Also, the general arrangement/look of today's common GUI first appeared in Xerox machines, although this arrangement is somewhat obvious, and, probably, would have appeared somewhere, eventually.
Can you be a little more specific? What exactly in terms of "implementation of the Xerox vision" did Apple "create?"
Again, there were several other versions of the GUI being sold to the public years prior to Apple's GUI, and there were others who were releasing their GUIs having more refined "looks" almost simultaneously with Apple's first release, so it is difficult to imagine how anyone can claim that most followed Apple's lead.
I have to strenuously disagree.
Here is a 1982 video about the Xerox Star: http://www.youtube.com/watch?v=ODZBL80JPqw
The first screenshot appears at 00:32. The presenter demonstrates icons, scrollbars, window headers, and window header commands. At 04:10, we see a contextual window (called a "property sheet"), with menu buttons (menu contents appear below in the window). The video also shows floating/overlapping windows, and the Star also had drag-&-drop. The features and configuration are almost identical to what we have today, but with a more primative styling.

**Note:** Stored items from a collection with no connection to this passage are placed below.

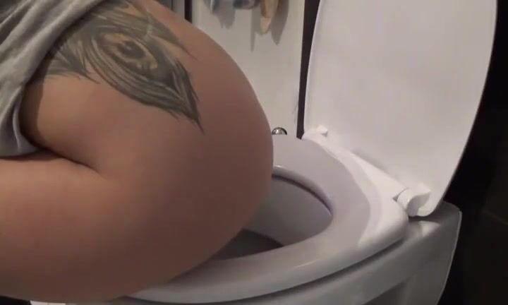Hot Tattooed babe pooping on toilet
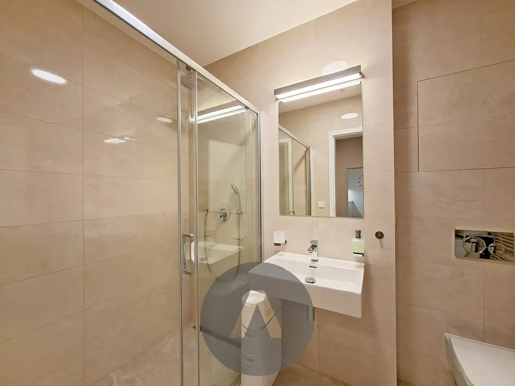 V koupelně se nachází prostorný sprchový kout, umyvadlo, zrcadlo, otopný žebřík a kombinovaná pračka se sušičkou a toaleta.
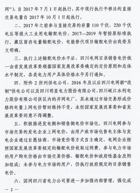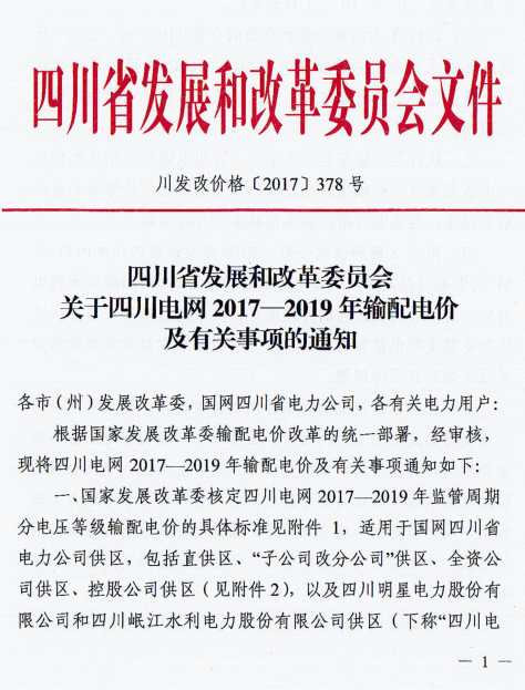 四川電網(wǎng)2017—2019年輸配電價(jià)發(fā)布

By the way, at 06:36, note the font on the window header and on the keys of the keyboard. Remind you of a default font from another, later OS?
Other GUI features that we commonly use today appeared in other pre-apple GUIs, such as the dock (from the Perq), and drop-down menus (from Visi On, which had its first demo at the 1982 COMDEX).
Furthermore, the meaning of the term "Mac-like" is highly subjective. Fanboys with no sense of design history tend to see everything that has a decent aesthetic as "Mac-like," derived from Steve Jobs and Jon Ive. Every so often, a fanboy will apply the term to something that he/she doesn't realize existed prior to Apple:
TOURIST: "Wow! Look at the the Giza pyramids. They have such an elegant design.
CLUELESS FANBOY: "Yeah. Good thing that the pyramid builders decided to make them 'Mac-like!'"
People have been creating items with simple, superb design since the beginning of time. Even computer companies were hiring industrial designers, long before Apple existed. Apple wasn't, isn't and will not be the only company with decent design.
To me, BP's gulf oil well is very "Mac-like" (a catastrophic engineering failure from company that uses marketing to hide the true issues).